Applying Wildcard Cert to Caddy

SysAdmin · September 14, 2018, 6:12pm

explain what you are trying to do
I’m trying to use my wildcard cert with Caddy, installed with Snap.
show what you have already tried,
I have installed Rocket Chat via Snap and Caddy via Snap.
I followed the directions from
Auto SSL with Snaps - Rocket.Chat Docs and now just need to apply my certs. I have the cert download from my provider and the key was exported from a windows server.
include error messages and log output,
I’m not sure what location to place the certs and how to configure to work with HTTPS
and link to any relevant resources.
Auto SSL with Snaps - Rocket.Chat Docs

Thank you in advance!

Whitestrake · September 15, 2018, 4:49pm

Put them anywhere on your file system that is secure.

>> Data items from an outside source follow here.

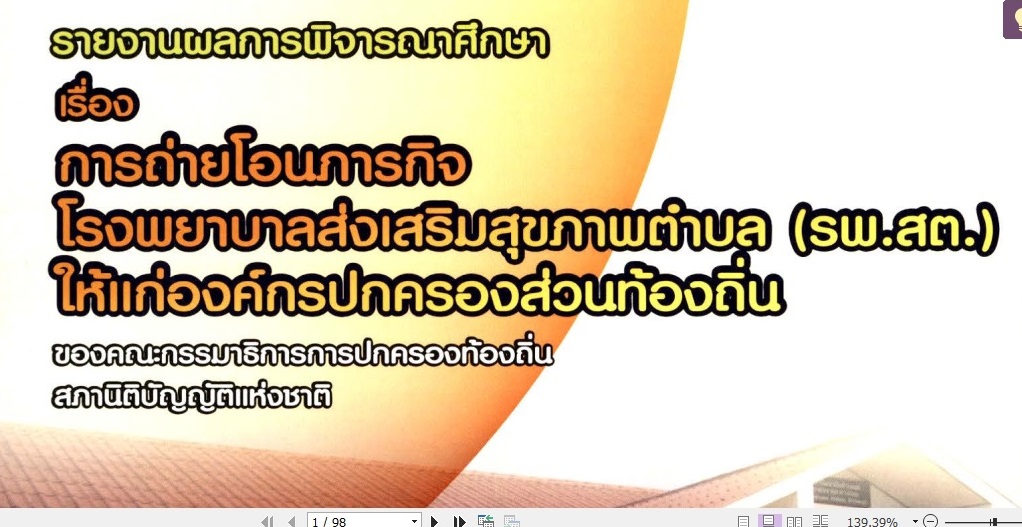 รายงานของรัฐสภาเรื่อง การถ่ายโอนโรงพยาบาลส่งเสริมสุขภาพตำบล จาก Facebook ที่นี่..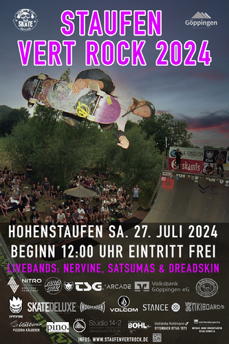 Am Samstag 27.07.2024 findet wieder das Staufen Open Air mit Halfpipe Skate Contest in Göppingen Hohenstaufen statt. Dieses Jahr haben wir ein Mega Setup am Start. Das Open Air ist grundsätzlich kostenlos. Mit einer Spende (give what you want) kannst du unseren Verein und das Konzert unterstützen und zeigen, was Dir so eine coole Veranstaltung Wert ist. Auch dieses Jahr sind unsere Getränke und Essenspreise extrem günstig. Daher möchten wir kein Fremdbier/ Alkohol bei uns haben. Danke für Euer Verständnis.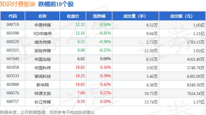 证券之星消息,10月20日知识付费板块较上一交易日上涨0.9%,南方传媒领涨。当日上证指数报收于3863.89,上涨0.63%。深证成指报收于12813.21,上涨0.98%。知识付费板块个股涨跌见下表: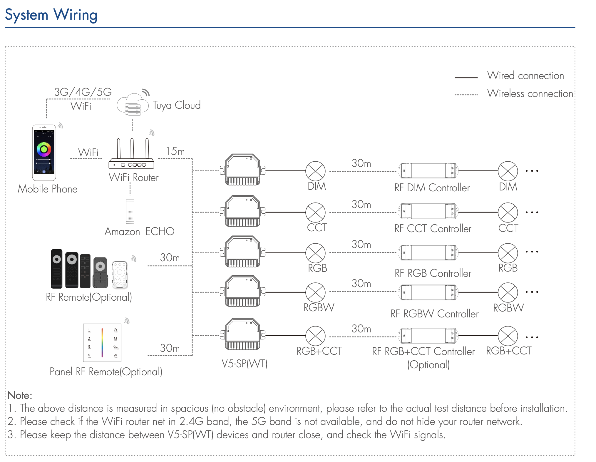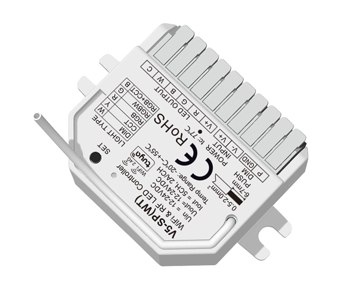 - Każdy sterownik V5-SP(WT) może również działać jako konwerter WiFi-RF, umożliwiając sterowanie przez aplikację Tuya Smart jednym lub wieloma sterownikami LED RF albo zasilaczami LED RF ze ściemnianiem w trybie synchronicznym

Refer to that location when you declare your cert and key with the tls directive.

Don’t forget to set your ports and HTTP->S upgrade redirection explicitly; bringing your own keys disables Automatic HTTPS, which usually takes care of this for you.

SysAdmin · September 17, 2018, 7:29pm

Thank you for the help. I’m pretty new to this, do you know what I would use for the tls command? Also, does it matter what the cert format is? .pem .cer, etc.?

For the https can I just disable iptables?

Whitestrake · September 18, 2018, 2:07am

The documentation for the TLS directive explains how to specify your cert/key and what format they should take.

https://caddyserver.com/docs/tls

I would not recommend disabling iptables. If you’re not comfortable manipulating iptables directly, consider installing ufw.

SysAdmin · September 24, 2018, 4:32pm

Can you explain how to check this? I can’t find anything.

Also, can you look at how I have it in the Caddy file and see if it’s correct?

Caddyfile

Thank you!

Whitestrake · September 24, 2018, 11:52pm

Not much to check, you’d know if you had configured it already.

The Automatic HTTPS feature does a few things for you, namely:

By default, Caddy will bind to ports 80 and 443 to serve HTTPS and redirect HTTP to HTTPS.

– Automatic HTTPS — Caddy Documentation

But it only does this if you aren’t providing your own cert/key:

Caddy automatically enables HTTPS for all your sites, given that some reasonable criteria are met:

[…]

Certificates and keys are not provided by you

– Automatic HTTPS — Caddy Documentation

Since you are providing your own cert, the site will be served over HTTPS on port 2015 by default instead.

If you want to change that so Caddy serves HTTP on port 80 and HTTPS on port 443, you’ll need to specify the scheme/port. You can do that in the site label:

https://caddyserver.com/docs/http-caddyfile#addresses

And if you want to redirect HTTP traffic to upgrade them to HTTPS, you’ll need to add a redirect to your HTTP site pointing to the HTTPS site:

https://caddyserver.com/docs/redir

SysAdmin · September 28, 2018, 11:22pm

Thank you again for all the information but after a lot of time spent trying to figure it out, I just decided to go with Nginx. Do you know how I can uninstall/completely remove Caddy?

Thank you

Whitestrake · September 29, 2018, 8:39am

Depends on how you installed it and ran it - normally, it’s a single binary, and it places certificate data in $CADDYPATH (defaults to ~/.caddy). So:

Delete the caddy binary
Delete the Caddyfile you were using
Delete the $CADDYPATH

And there won’t be any trace left of Caddy on your system.

SysAdmin · October 4, 2018, 3:44pm

I installed with Snap. Would that be a different install?

Whitestrake · October 4, 2018, 11:38pm

Refer to Snap documentation.

Getting started | Snapcraft documentation
https://docs.snapcraft.io/reference/snap-command

system · January 2, 2019, 11:50pm

This topic was automatically closed 90 days after the last reply. New replies are no longer allowed.